# Select & Select Plus Benefits



## amamba (May 20, 2010)

Ok, so I was looking today at the AGR website, and I was wondering if I am missing something? Does one get those free upgrade coupons and club acela/metropolitan lounge passes with select or select plus membership? I didn't seem those explicitly bulleted for either category.

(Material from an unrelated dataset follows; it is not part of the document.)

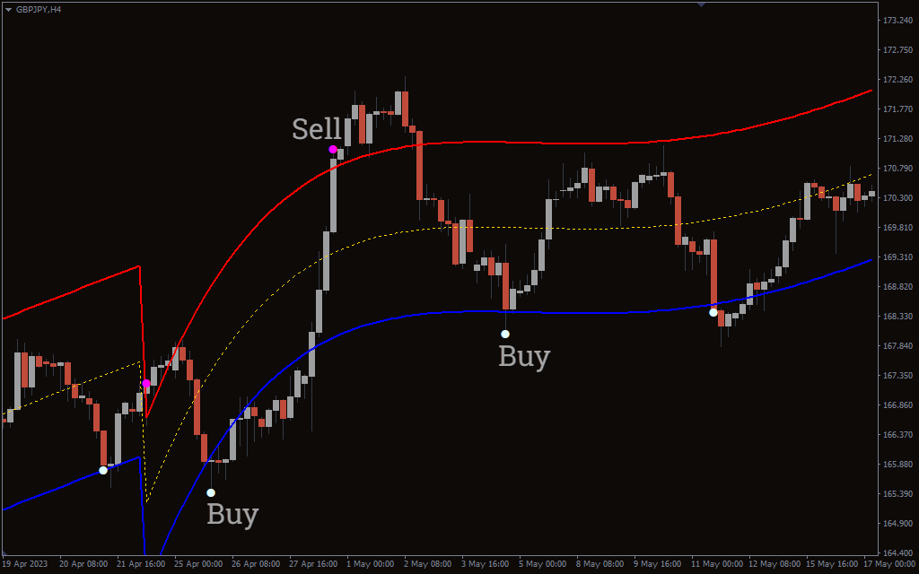 The above GBP/JPY H4 chart shows the BUY/SELL signals of the indicator. You can look for a bullish signal for a BUY strategy when the price approaches or touches the lower blue band.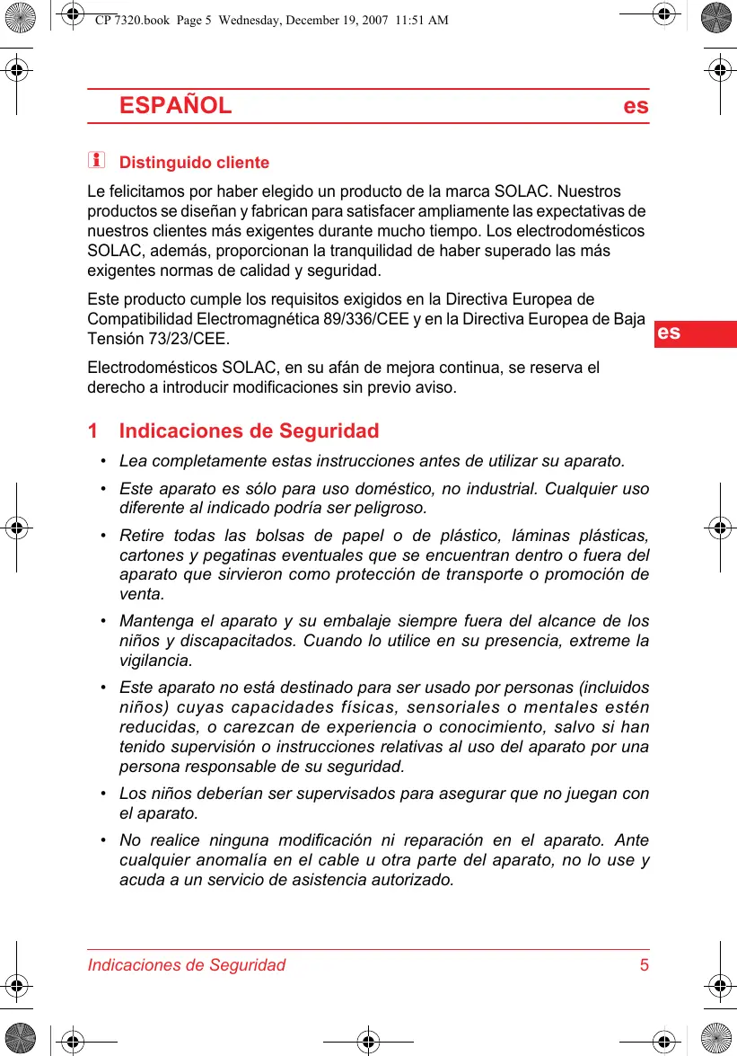 Encuentra gratis el manual del aparato CP7320 SOLAC en formato PDF.

Also, my H is going to be select sometime next month. Does that mean that he gets to be select for the remainder of this year, PLUS the next AGR year (which I believe starts in March, right?) Or is this year only?

Thanks


----------



## Ryan (May 20, 2010)

Remainder of this year plus next.


----------



## AlanB (May 20, 2010)

One gets the free upgrade coupons with both Select & Select Plus status, although I think that Select Plus gets one more coupon than does Select. The Club Acela/Metro Lounge coupons only come with the Select kit. Select Plus gets you a special AGR card that gets you into the lounges anytime you like, even if you're not riding Amtrak that day.


----------



## the_traveler (May 20, 2010)

If he reaches Select in June 2010, he will be Select until Feb 29, 2012!


----------



## amamba (May 21, 2010)

Awesome! Thanks everyone for your help. I am crunching the numbers to make sure he gets to Select Plus, that way I can accompany him into the Club Acela lounges all the time. I think we might have to do some point runs - maybe PVD - KIN during the summer! - because with his monthly pass I think he will be about 500 points short by 12/31/10 of Select Plus. But it sounds like the extra benefits are definitely worth the select plus status.


----------